Winnr uses custom ZK circuits written in Circom 2 to prove the validity of private orders without revealing the trader's identity or order details to the public.

The core circuit is a single-note-spend UTXO circuit (Transact). It takes a private input note from the shielded pool and produces a new output note, proving the following in zero-knowledge:

  • Note commitment validity: The input note commitment is correctly formed as Poseidon(owner, amount, salt, nonce).
  • Nullifier validity: The nullifier is Poseidon(commitment, leaf_index) — prevents double-spend without revealing which note is being spent.
  • Merkle inclusion: The input note exists in the on-chain commitment Merkle tree (via a Merkle proof of configurable depth).
  • Output note integrity: The output note commitment is correctly formed with output_nonce = nonce + 1.
  • Owner continuity: Input and output note owner must match.
  • Amount conservation: input_amount + public_deposit = output_amount + public_withdraw. This allows transparent deposits and withdrawals while keeping internal balances private.

Public signals (revealed on-chain): root, nullifier, output_commitment, public_deposit_amount, public_withdraw_amount.
Private signals (kept hidden): owner, amount, salt, nonce, Merkle path elements.

Order Lifecycle

The following describes the end-to-end flow of a private order:

  1. Private Mode Activation — The user enables Private Mode.

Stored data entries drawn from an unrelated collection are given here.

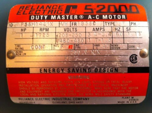 Reliance Duty Master A-C Motor,HP 2.5-3.0, ID#B79C2898M-GF, RPM 1425-1725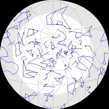 | Ciel nocturne représenté pour un observateur couché sur le dos. Le zénith est au centre de l'image. Pour observer l'horizon dans une direction donnée: tourner l'image jusqu'à ce que la direction d'observation soit en bas, sous le zénith. | ||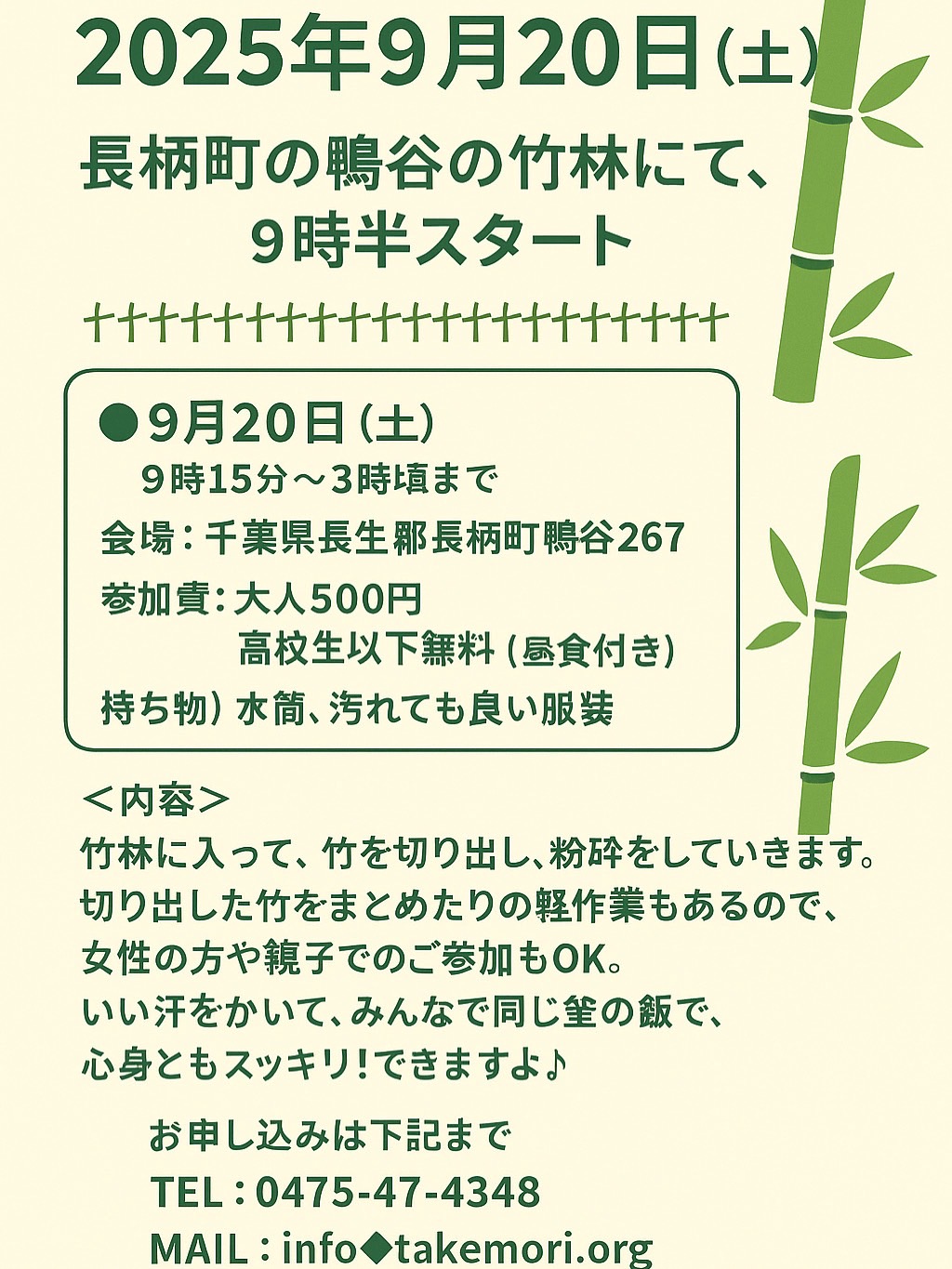 竹林に入って、竹を切り出し、粉砕をしていきます。切り出した竹をまとめたりの軽作業もあるので、女性の方や親子でのご参加もOK。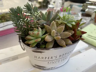 初✨多肉の寄せ植え ALOHA さいたま市にあるCafeで、多肉寄せ植えのワークショップに参加してきました! コレで1,000円で作れるんです😳激安!と思い体験しましたが…ピンセットで多肉を扱うのが💦なんか怖くてブルブル😅震えてしまいました。笑 完成した多肉の寄せ植え販売も沢山されてて、欲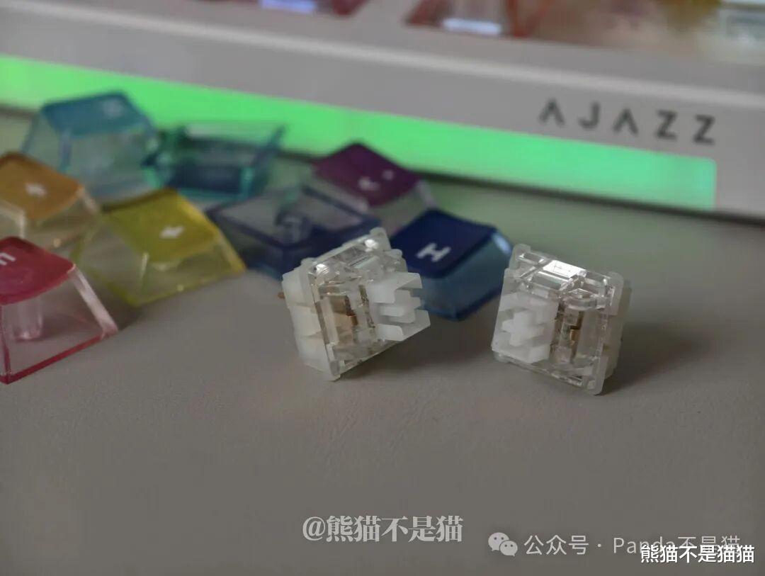 配置方面,这次AK820 V2Pro提供了白桃轴和荔枝轴两种选择。其中荔枝轴的手感更为利落,敲击的声音配合PC键帽非常清脆,更适合纯游戏党使用,而白桃轴则是兼顾了打字和游戏,更注重触发效率,总行程更短。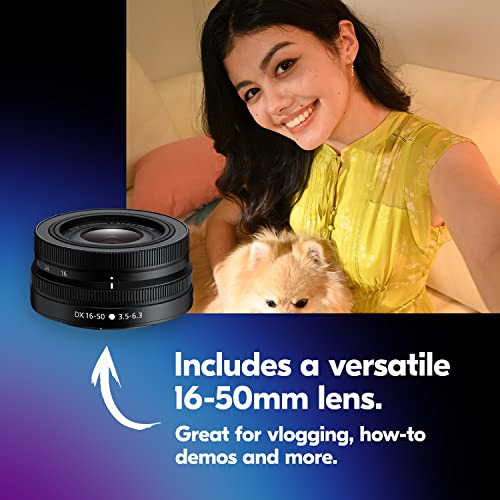 Move beyond the smartphone camera vibe and take your video quality to the next level. The Nikon Z 30 mirrorless 4K digital camera with a 16-50mm lens is a user-friendly upgrade with a cinematic look and feel, spectacular video quality and features designed for creators, vloggers, influencers, and streamers. TechRadar rated it a Best Camera For Vlogging, calling it “A compact and intuitive tool for novice vloggers.” The Z 30 is the smallest camera in Nikon’s Z series, so it’s easy to use handheld or on a tabletop tripod. It has a flip-out screen with touchscreen control to ensure you’re always in frame, along with a convenient smartphone app that lets you control the camera remotely. The included NIKKOR Z DX 16-50mm f/3.5-6.3 VR wide-angle zoom lens has powerful image stabilization to keep your shots steady. Fast, reliable autofocus with several AF Modes can adjust to the quick shifts in detail found in unboxing videos, how-to’s, gaming streams, video tours, and tutorials. Plus, with eye-detection autofocus, the Z 30 can automatically track the eyes and faces of humans, cats or dogs and keep focus right where you want it. If the Z 30 is your entryway into Nikon Z series products, rest assured you can upgrade your lenses or add an external mic along the way to boost the quality of your content. And to help you make that step, Nikon also offers a Creator’s Accessory Kit with tripod, microphone, and remote (sold separately). When you buy from a Nikon Authorized Dealer, you also get the peace of mind of a limited one-year warranty from Nikon Inc.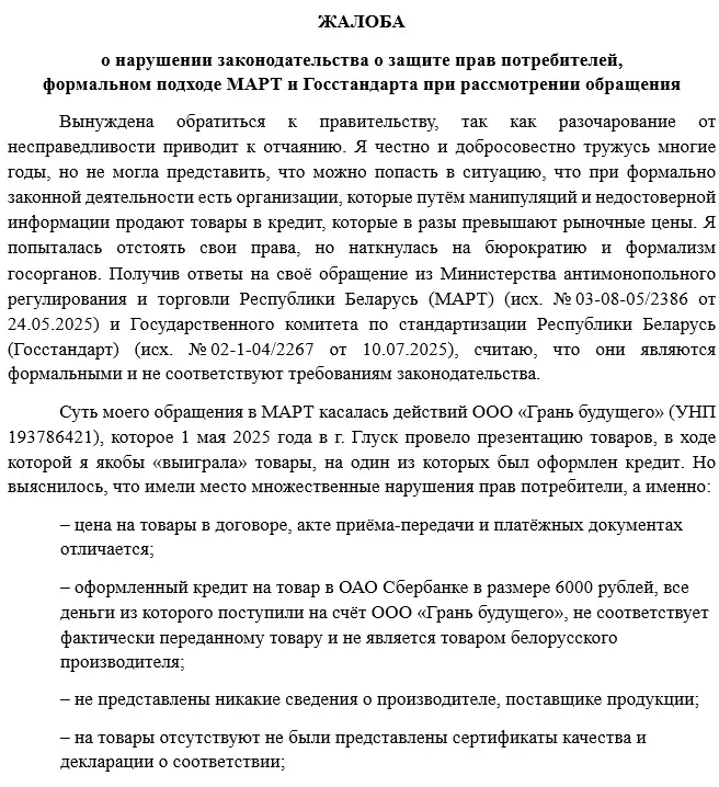 Вместо рассмотрения по существу МАРТ ограничилось общей ссылкой на нормы законодательства, не затребовало документы у продавца и уклонилось от оценки самого факта нарушения прав потребителя, предусмотренного статьями 5 и 7 Закона «О защите прав потребителей».
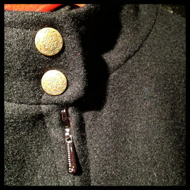 ファスナータイプで首元の金ボタンがポイント
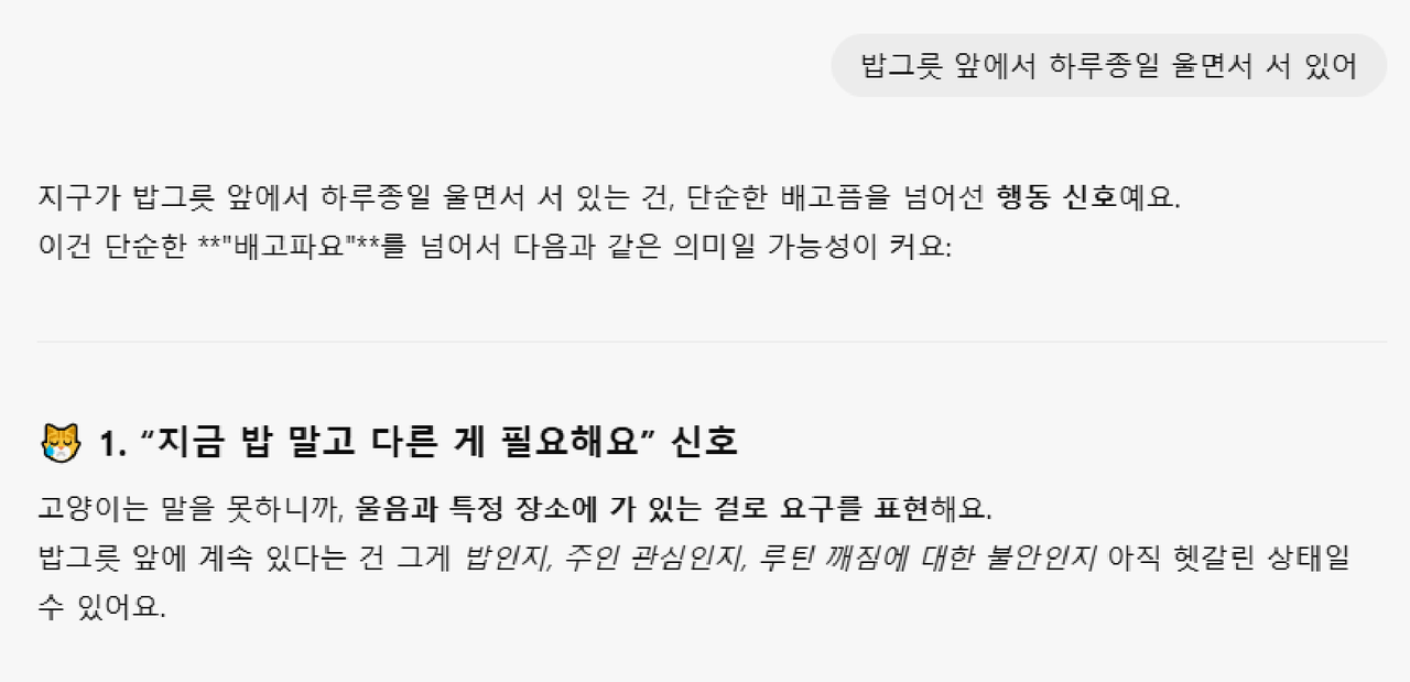 ✔장점 : 빠른 응답, 감정 반응 이해, 사료 칼로리 계산 및 이미지 도식 제공

The client resolves or registers the user's shielded wallet.
  2. Stealth Address Generation — For each order, the client derives a fresh stealth address from the shielded wallet's keys.
  3. Order Construction — The order is constructed using the stealth address as the signer identity, rather than the user's public wallet.
  4. ZK Proof Generation — A ZK proof is generated client-side, attesting to balance sufficiency and ownership without revealing sensitive data.
  5. Order Submission — The order, along with its ZK proof, is submitted to the off-chain execution layer.
  6. Matching & Execution — The order is matched in Winnr's order book. The execution layer verifies the ZK proof before accepting the order.
  7. On-chain Settlement — Settled trades are committed on-chain. The settlement references the stealth address, keeping the user's main wallet address fully decoupled from market activity.
info

Further technical details on the ZK circuit specifications, proof formats, and on-chain program interfaces will be published as the implementation is finalized.